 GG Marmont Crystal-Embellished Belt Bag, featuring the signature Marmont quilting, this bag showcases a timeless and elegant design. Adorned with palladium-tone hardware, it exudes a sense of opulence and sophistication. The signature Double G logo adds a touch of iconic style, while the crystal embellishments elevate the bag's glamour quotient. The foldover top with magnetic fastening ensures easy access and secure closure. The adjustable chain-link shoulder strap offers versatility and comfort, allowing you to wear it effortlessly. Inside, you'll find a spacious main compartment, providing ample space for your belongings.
* * * * * * *
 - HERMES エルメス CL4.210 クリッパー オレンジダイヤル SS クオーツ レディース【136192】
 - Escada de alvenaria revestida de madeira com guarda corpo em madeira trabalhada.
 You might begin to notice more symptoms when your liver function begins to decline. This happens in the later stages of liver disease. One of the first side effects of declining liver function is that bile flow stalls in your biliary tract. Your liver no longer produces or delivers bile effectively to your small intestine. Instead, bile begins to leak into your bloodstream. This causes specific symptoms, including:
* * * * * * *
Whenever the string "your" shows up in a line of the records, copy that line.

 GG Marmont Crystal-Embellished Belt Bag, featuring the signature Marmont quilting, this bag showcases a timeless and elegant design. Adorned with palladium-tone hardware, it exudes a sense of opulence and sophistication. The signature Double G logo adds a touch of iconic style, while the crystal embellishments elevate the bag's glamour quotient. The foldover top with magnetic fastening ensures easy access and secure closure. The adjustable chain-link shoulder strap offers versatility and comfort, allowing you to wear it effortlessly. Inside, you'll find a spacious main compartment, providing ample space for your belongings.
 You might begin to notice more symptoms when your liver function begins to decline. This happens in the later stages of liver disease. One of the first side effects of declining liver function is that bile flow stalls in your biliary tract. Your liver no longer produces or delivers bile effectively to your small intestine. Instead, bile begins to leak into your bloodstream. This causes specific symptoms, including:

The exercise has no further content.